Paul Robichaux’s recent Windows IT Pro column contains this passage:
If you don’t know when you’re about to run out of disk space on the log LUN, you’re totally doing it wrong. It leaves me slack-jawed with astonishment that in 2012 we still have administrators who suffer unplanned downtime due to log volumes filling up because of poor design or problems with backups. Stop the madness! Check your backups regularly and use monitoring, be it however primitive, to ensure that you don’t have this problem.
Paul is referring to this post on the MS Exchange Team blog, which mentions that:
…the number one reason why our Premier customers open Exchange 2010 critical situations is because Mailbox databases dismount due to running out of disk space on the transaction log LUN.
Either I missed that post when it was published a few months ago or I glossed over it and it didn’t catch my attention enough.

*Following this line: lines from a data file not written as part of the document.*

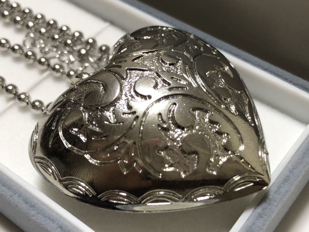 - シルバーカラー 35.0g 唐草細工 ボリョームハートのロングペンダントネックレスS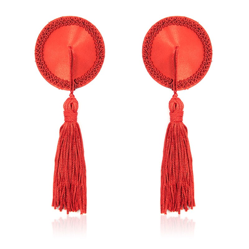 Pezoneras rojas satinadas, reutilizables, auto adhesivas, con forma circular, detalles de encaje y borlas. Se pueden usar hasta por 8 horas continuas. Son un complemento sencillo, fácil de usar y un componente erótico al que le sacarás mucho partido.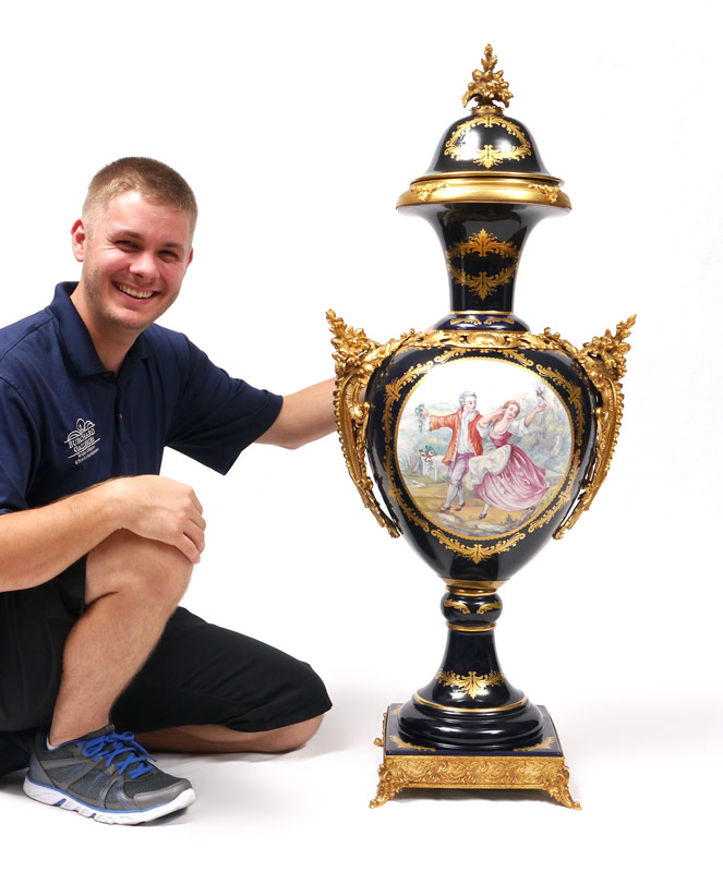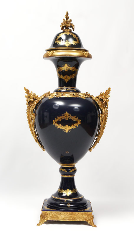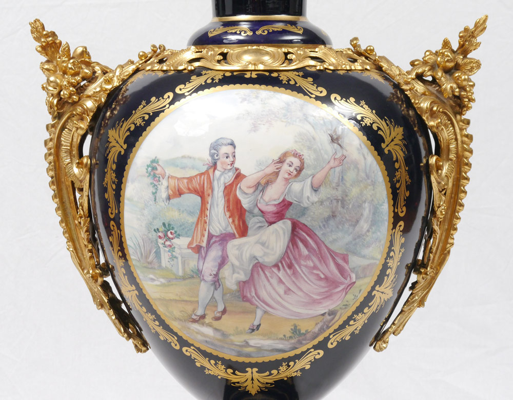 MONUMENTAL LIMOGES ORMOLU COBALT PORCELAIN COVERED URN: Central medallion with French outdoor genre scene of lovers, gilt decoration, applied gilt metal accents, on 4 feet. Signed R Limoges on urn, T. Limoges on base. Overall 46'' tall x 20''.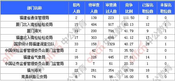 截止到3日16時,通過審核人數(shù)前三位的部門依次是:國家統(tǒng)計局福建調(diào)查總隊、廈門出入境檢驗檢疫局、廈門海關(guān),三部門通過審核總?cè)藬?shù)達3040人,占通過審核總?cè)藬?shù)的52.19%。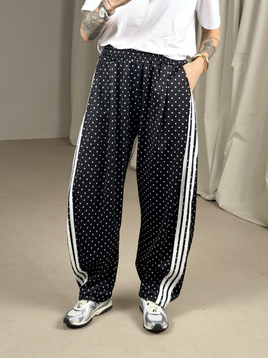 Composizione: 47% viscosa 45% poliestere 8% elastico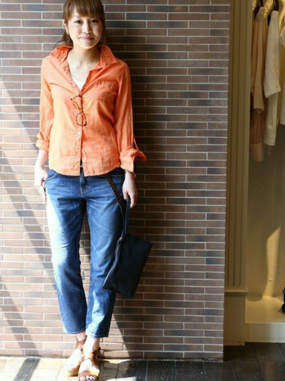 鮮やかなオレンジのシャツをメインに。かっちりとした印象のシャツブラウスも、しわ感のあるコットン素材ならカジュアルに仕上がります。コンパクトなシルエットや、デコルテラインが綺麗に見えるスキッパーの襟元が女性らしさもプラス。

I’ve been stung by transaction log disks running out of space, even as recently as last year. I work in a very large Exchange environment where backups and storage monitoring are performed by two different teams, both of them outside of my team.
That puts us in the situation where failed backups, combined with either a storage monitoring problem or a human error in the escalation processes can (and has) caused a log volume to fill up. Another situation that can arise is when new servers are provisioned, our help desks begin putting mailboxes on them before they’ve been added to the backups.
Which is why I wrote this script to check the Exchange database backups and alert my team when they have not been backed up in the 48 hours or more. In fact that script is a better version than the one we run in production (I haven’t ported over the improvements I later made at home to the original).
Ever since we put it in place that script has alerted us to numerous situations before they could evolve into disasters.
Setting it up as a scheduled task to run daily is a job that will take you less than half an hour. I highly recommend it, not just because I wrote the script, but because it adds a valuable layer of protection to your environment.